(Problem to work on) With the pictures left out, restate exactly the part below that opens with the line containing "Chuyu 2026 Spring" and closes with the line containing "I write The".

(Input)
#####

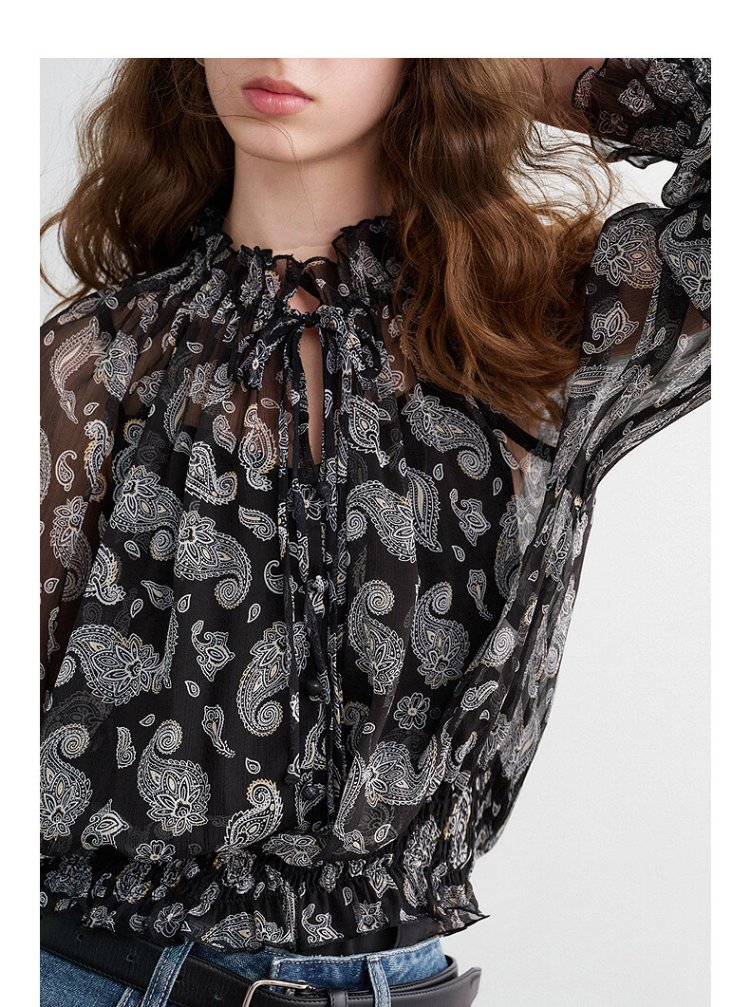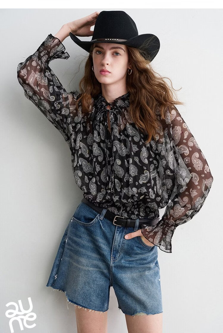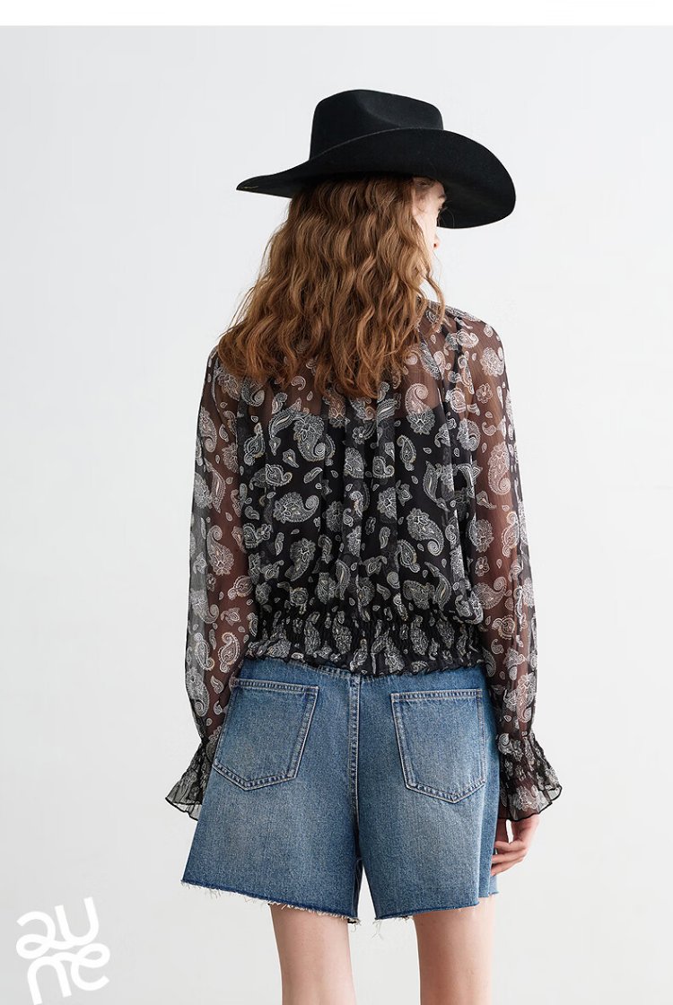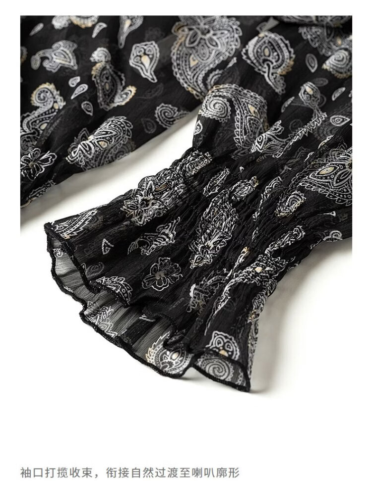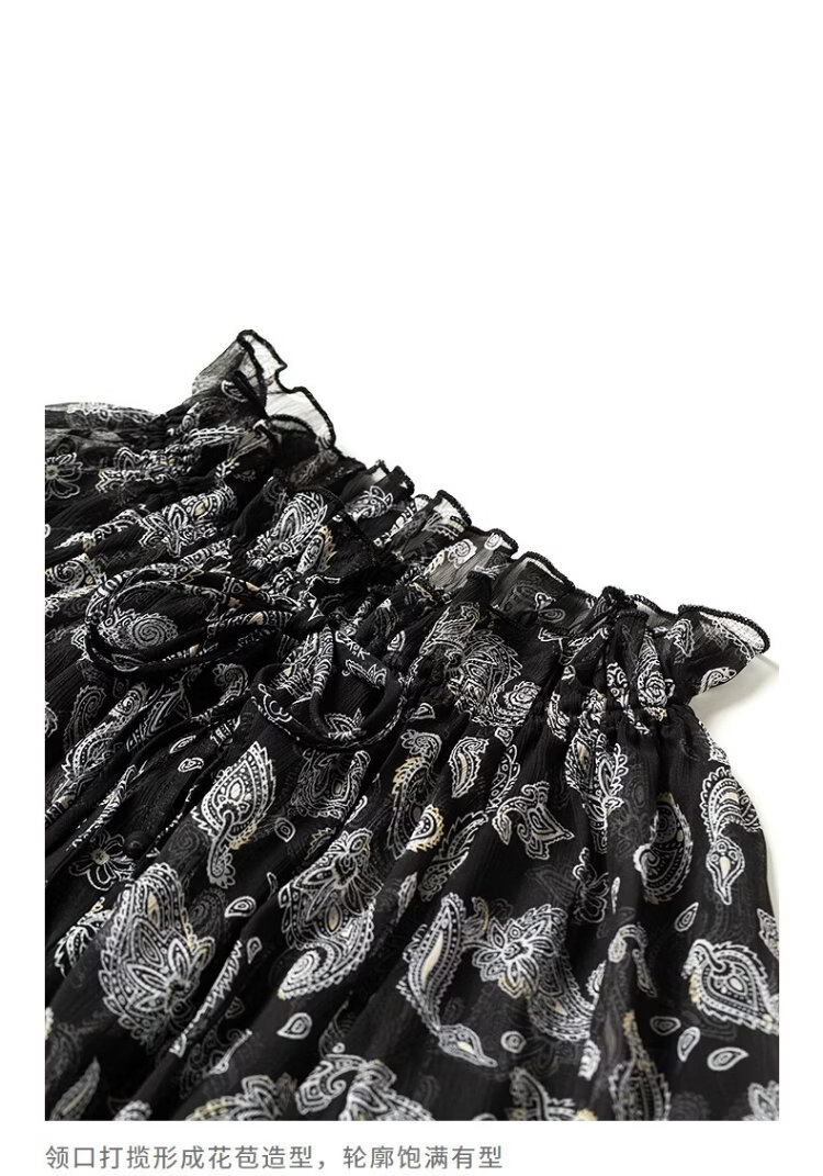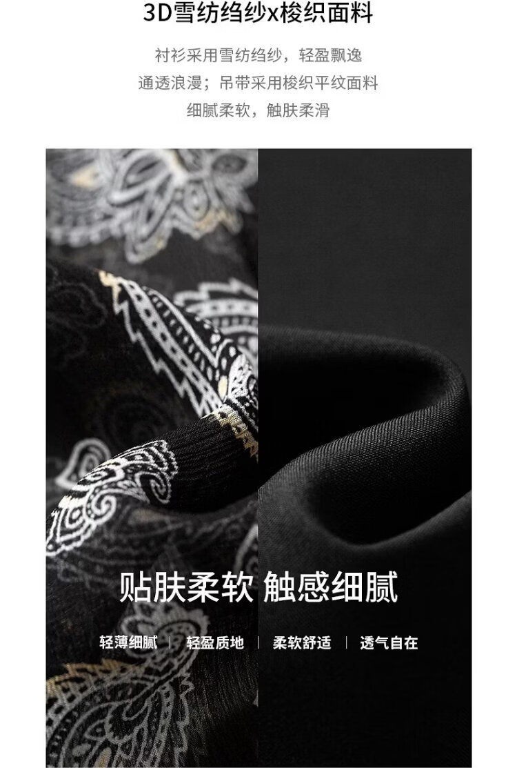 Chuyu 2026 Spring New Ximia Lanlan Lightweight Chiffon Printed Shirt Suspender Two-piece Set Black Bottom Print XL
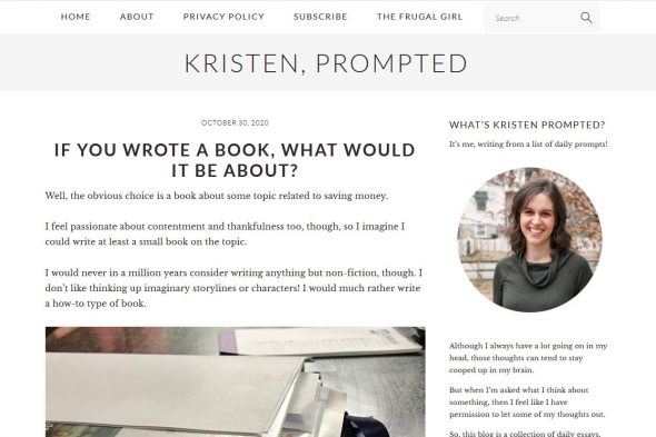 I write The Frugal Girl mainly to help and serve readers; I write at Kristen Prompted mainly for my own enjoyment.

#####

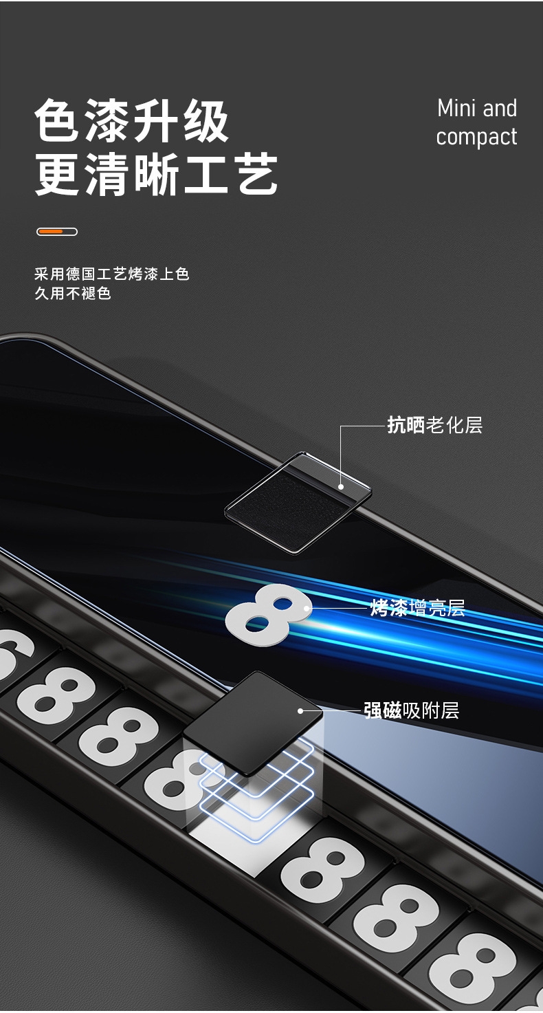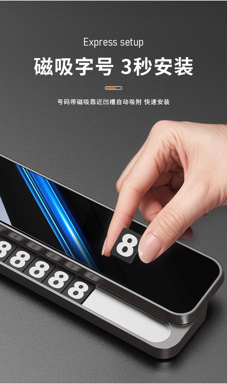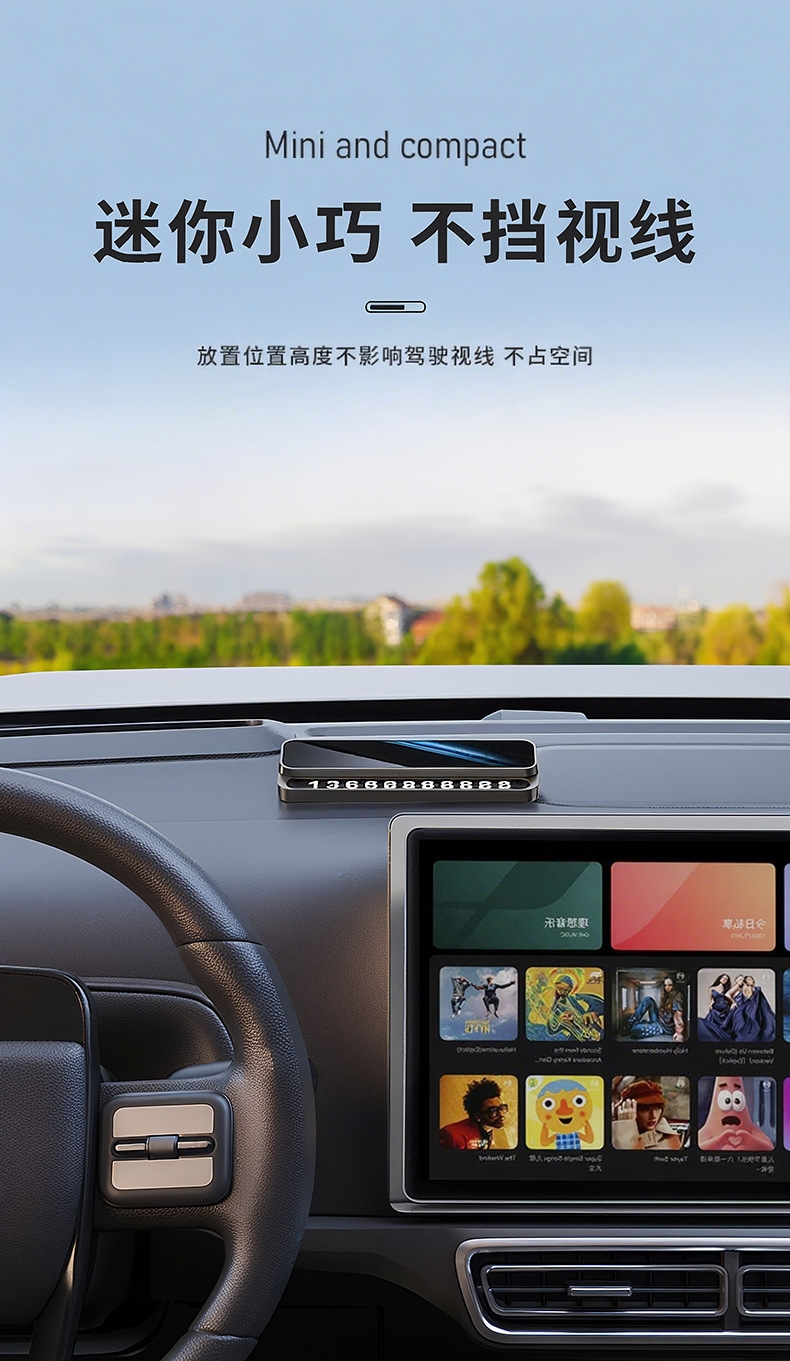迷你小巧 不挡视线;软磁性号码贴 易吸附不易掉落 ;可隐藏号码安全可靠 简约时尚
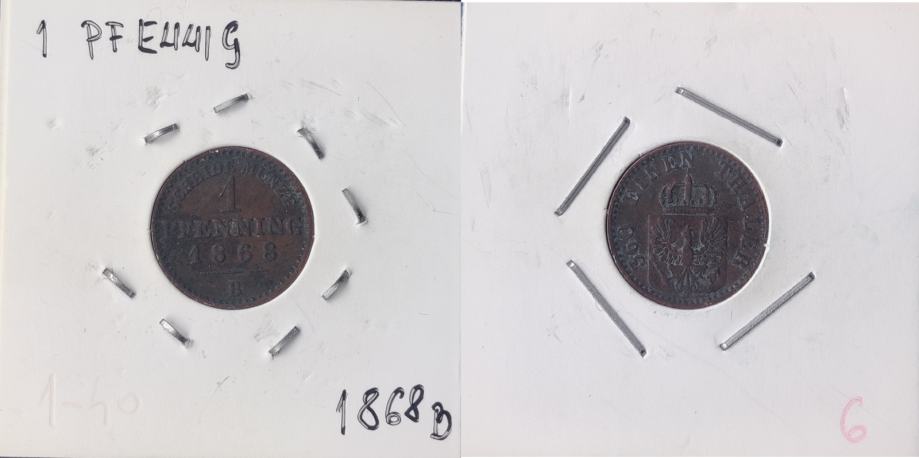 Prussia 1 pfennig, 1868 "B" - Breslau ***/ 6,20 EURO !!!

#####

(Task response)
 Chuyu 2026 Spring New Ximia Lanlan Lightweight Chiffon Printed Shirt Suspender Two-piece Set Black Bottom Print XL
 I write The Frugal Girl mainly to help and serve readers; I write at Kristen Prompted mainly for my own enjoyment.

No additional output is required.